The following table summarises the varying expenditure and income needs for the three commonly occurring family household compositions.

Expenditure and Living Wage calculation (monthly rates in RUB)

  Typical family Standard family Single-adult
  from-to from-to from-to
Food expenses 16800-21400 17600-22500 4410-5620
Housing expenses 5000-11500 5000-11500 3600-8220
Transport expenses 3200-4000 3200-4000 1600-2000
Healthcare expenses 2000-3000 2000-3000 500-750
Education expenses 2000-3000 2000-3000 0
Other expenses 1450-2140 1490-2200 505-830
Total Expenditure 30450-45040 31290-46200 10615-17420
Net Living Wage 19031-28150 17383-25667 10615-17420
Gross Living Wage 21900-32400 20000-29500 12200-20000

Note: For more details see Living Wage FAQ.

 

Family Living Wages (monthly rates in RUB)
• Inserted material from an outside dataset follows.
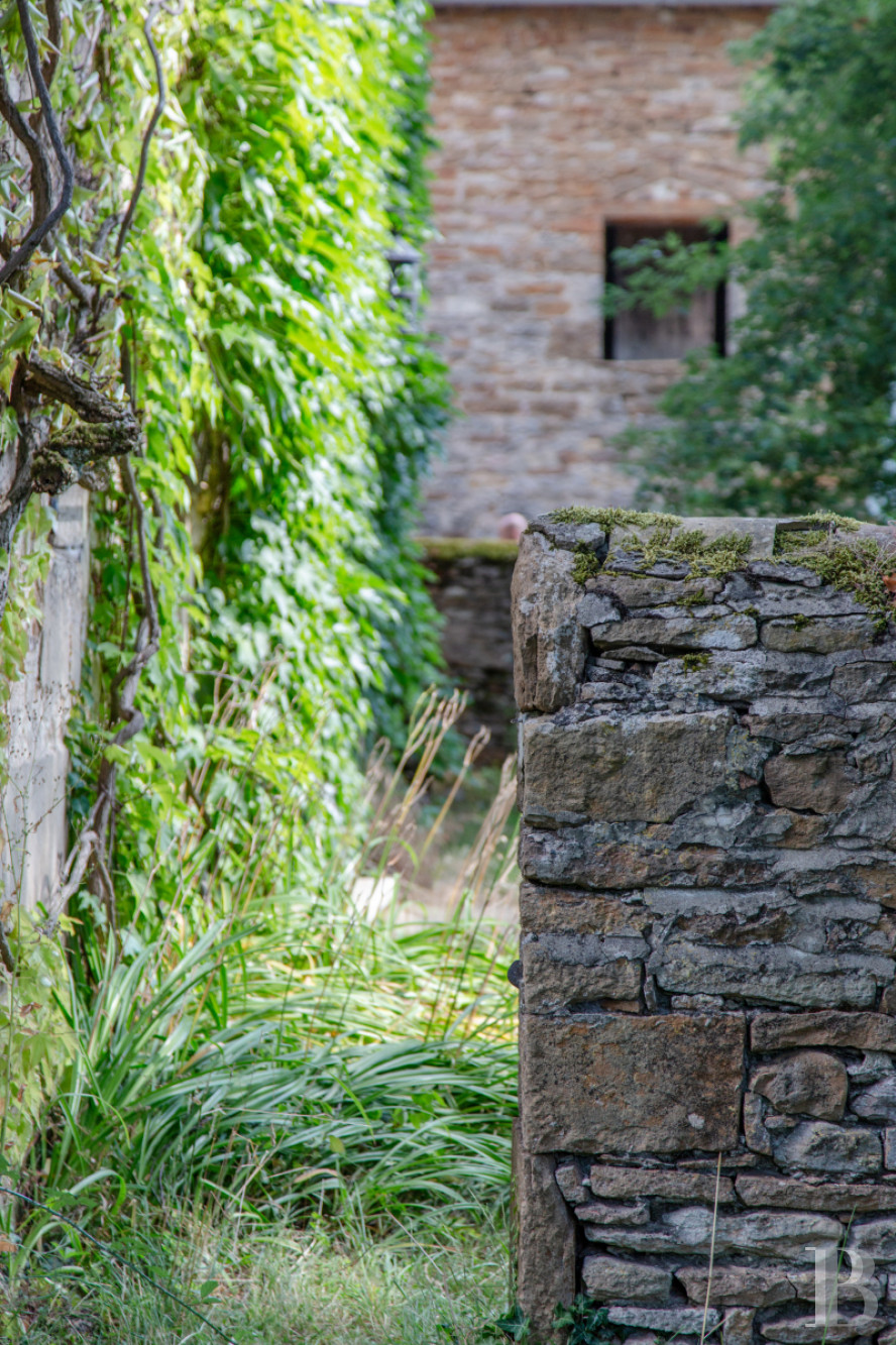Outside, stone walls and trees frame a shaded garden. At the entrance, a stone shed and bread oven add rustic charm.

There is not a single answer to what is the adequate cost of living. The result is complex, as the cost of living varies by household composition, location, and employment pattern. The following table presents the Living Wage estimates for a set of most common family household compositions and under different assumptions about working hours.

  from-to
Typical family (two parents + 1.8 children, 1.6 working) 21900-32400
Standard family (two parents + 2 children, 1.8 working) 20000-29500
Two parents and two children, 2 working 18000-26600
Two parents and two children, 1.5 working 24000-35400
Two parents and two children, 1 working 36000-53100
Two parents and three children, 1.6 working 25900-37400
Two parents and four children, 1.6 working 29200-41700
Single-adult without children, 1 working 12200-20000

Note: Results in the table are rounded.

 

Living Wages in Context (monthly rates in RUB)
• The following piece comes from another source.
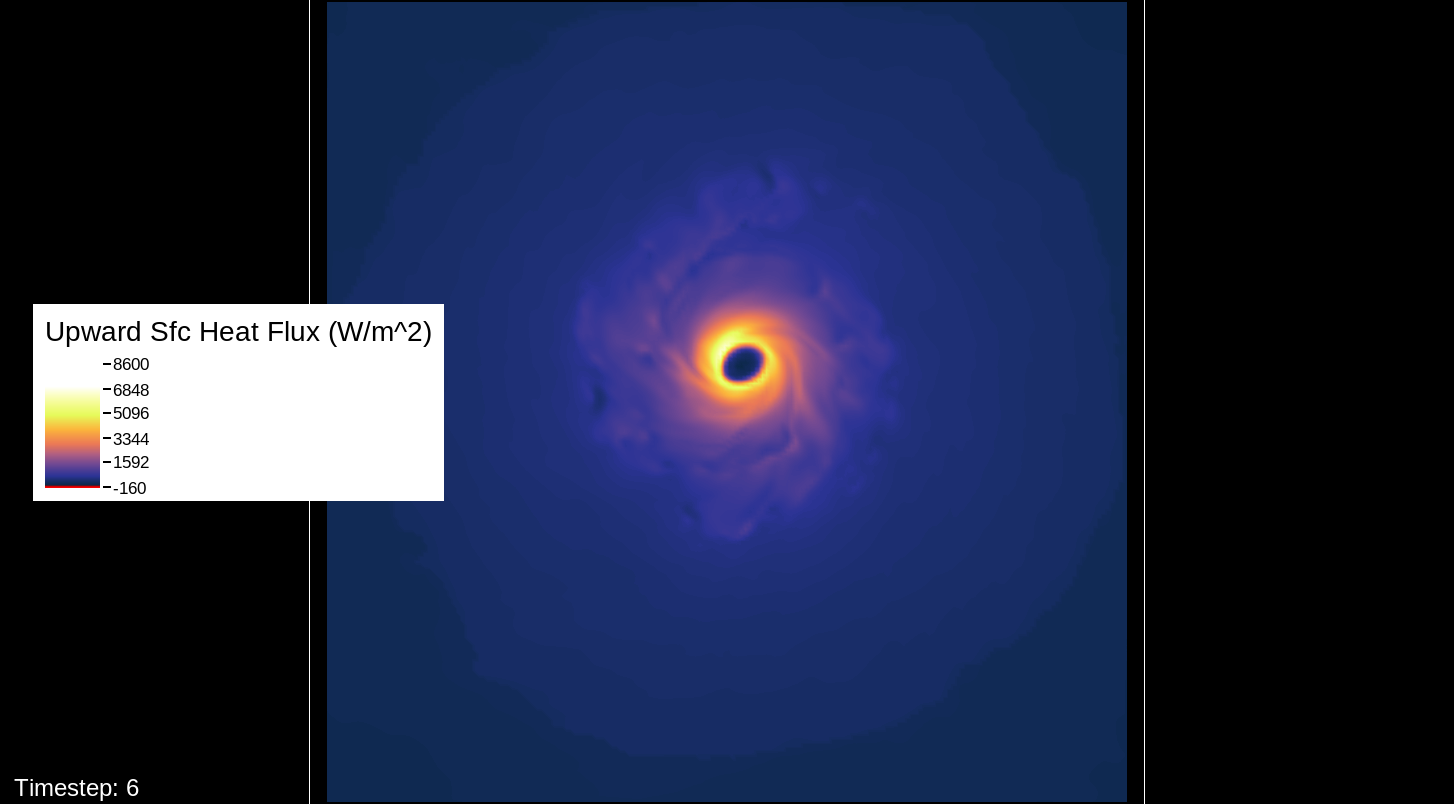 A note about the surface wind images, mostly for WRF experts and those who want to simulate the storm themselves: The images in this viewer do not represent the speed computation of the U10 and V10 speeds (the square root of the product of each of these added together). The reason for this is that the WRF’s surface wind computation is questionable for high-intensity storms. I’ve used an alternate computation that I think is more realistic for this type of system.

The Minimum Wage is a national legally binding obligation on employers which often make no reference to a living standard. Living Wage describes the adequate living standard. The common goal of the many living wage campaigns currently taking place all over the world is to lift Minimum Wages levels to those of the Living Wages. WageIndicator presents Living Wages jointly with Minimum Wages, aiming to raise awareness concerning the remaining differences in levels. Living Wages are presented in context with other wage indicators including prevailing wages of workers over recent years.

  2016 2017 2018 2019
Minimum wage 6204 7500 9489 11280
Living Wage - Single Adult 11200-19100 11700-19600 12200-20100 12200-20000
Living Wage - Typical Family 20100-30600 20800-31600 21700-32400 21900-32400
Real wage of low-skilled worker 12800-17900 13500-18500 16500-22500 17600-25600
Real wage of medium-skilled worker 16300-24900 18000-26900 22300-33300 24000-37900
Real wage of high-skilled worker 24000-35500 26700-38700 33000-47900 34900-53700

Note: Table shows the lowest monthly Minimum Wage in a country, when available. Reported monthly earnings of workers in low-, medium-, and high-skilled occupations are obtained from the voluntary WageIndicator web survey on work and wages. Results in the table are rounded.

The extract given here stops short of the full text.